The Turkish Directorate General of Foundations has requested that Ayşe Özer, 80, either pay five years of accumulated rent or vacate her home, which she bequeathed to a charitable foundation in her will, Bold Medya reported.
Özer and her late husband had initially donated the house to a foundation called the İstihkam Vakfı, which was shut down by a government decree after a July 15, 2016 coup attempt in Turkey along with some 1,500 other NGOs, on the condition that the couple be allowed to use it as long as they’re alive. The assets of the organization were transferred to the Directorate General of Foundations, which oversees charitable endowments.
The directorate has ordered Özer to pay rent that it says totals TL 45,000 since 2016 or move out. However, Özer says the arrangement was for the house to be donated only after her death. According to legal advisors the house is still her property.
“They are trying to seize my house,” she said. “My husband and I worked for years to buy this house and a shop. They already took the shop, and now want the house. Where am I supposed to go?”
In a similar case Turkish authorities seized the house of an elderly woman last June because she had donated it to a foundation linked to the Gülen movement that was shut down after the attempted coup.

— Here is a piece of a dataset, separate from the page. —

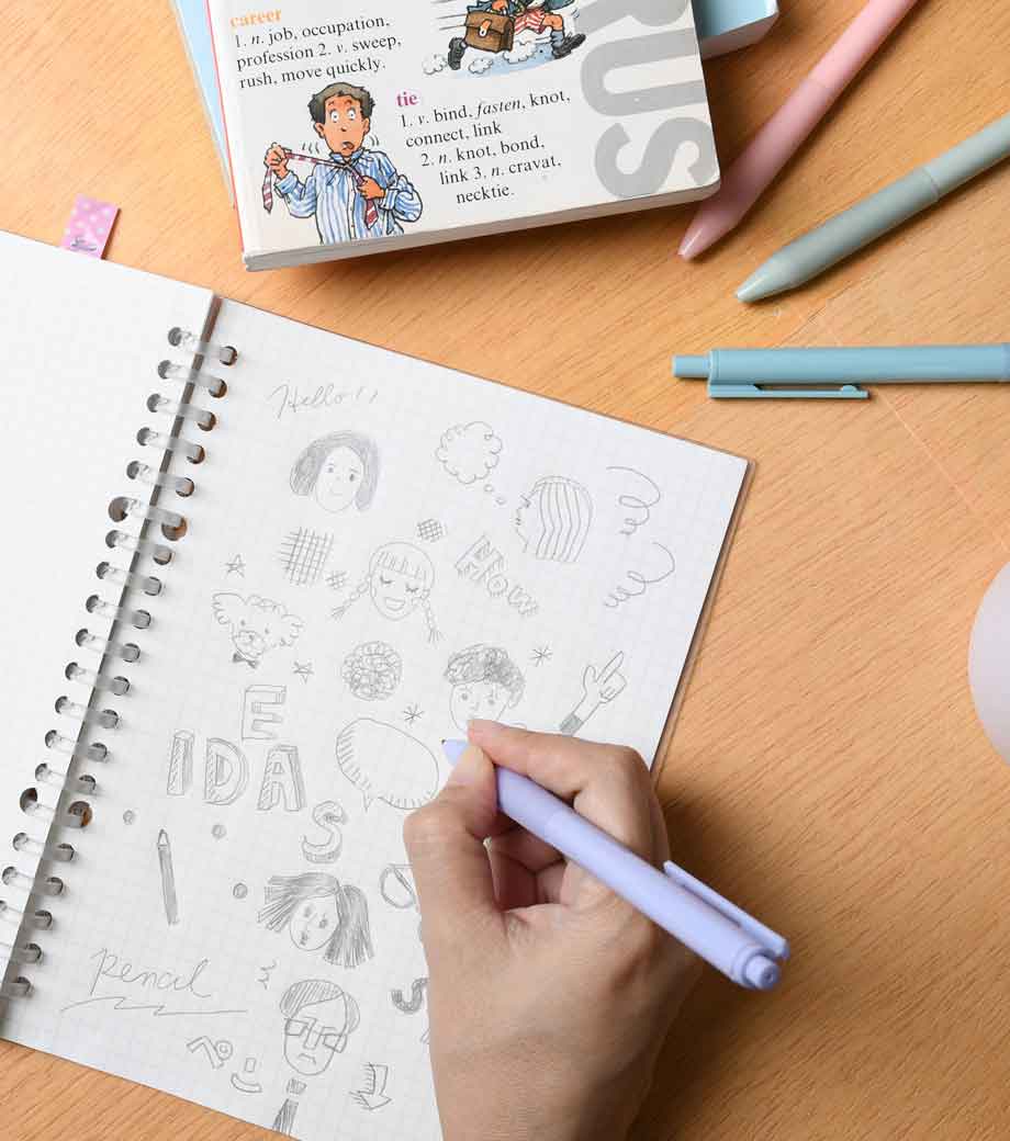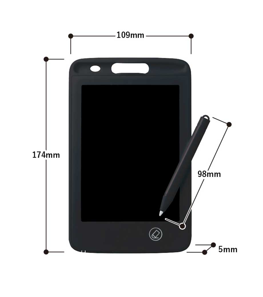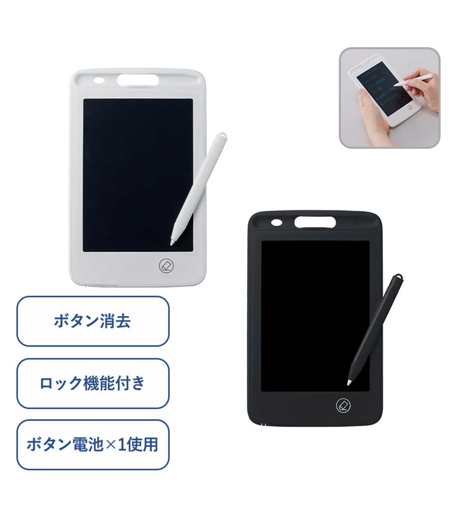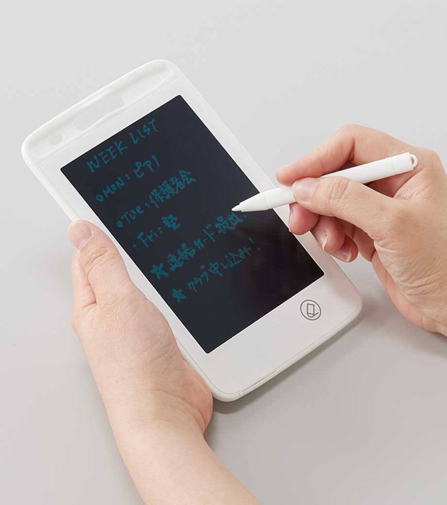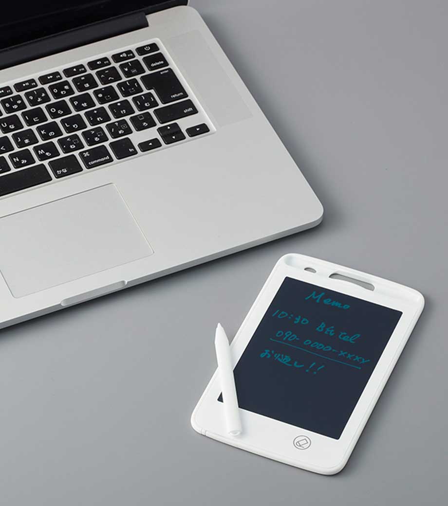 電子メモ 6.5インチは、「書いて消す」を何度も繰り返すことができる電子メモです。書いたメモはパッド下部の消しゴムマークを押せば、瞬時に消せます。また、裏面のロックボタンをスライドすると、残したいメモや文章をキープすることができる優れもの。新書本ほどのサイズ感で5mmという薄さ!リモートワークや会社のデスクに置いても邪魔にならず、メモしたいときにすぐ書き留めることができ、タスク管理にも便利です。

The Turkish government accuses the Gülen movement of masterminding the failed coup and labels it a “terrorist organization,” although the movement strongly denies involvement in the coup attempt or any terrorist activity.
Sıttıka Atay, 87, received a notice telling her to vacate her house in two weeks’ time and pay the rent for the past four years, which amounted to TL 23.000.
The assets of thousands of people with alleged ties to the Gülen movement were confiscated or frozen by the government both before and after the failed coup. According to a report by Brussels-based human rights group Platform for Peace and Justice (PPJ), the total value of confiscated or frozen assets is $32 billion.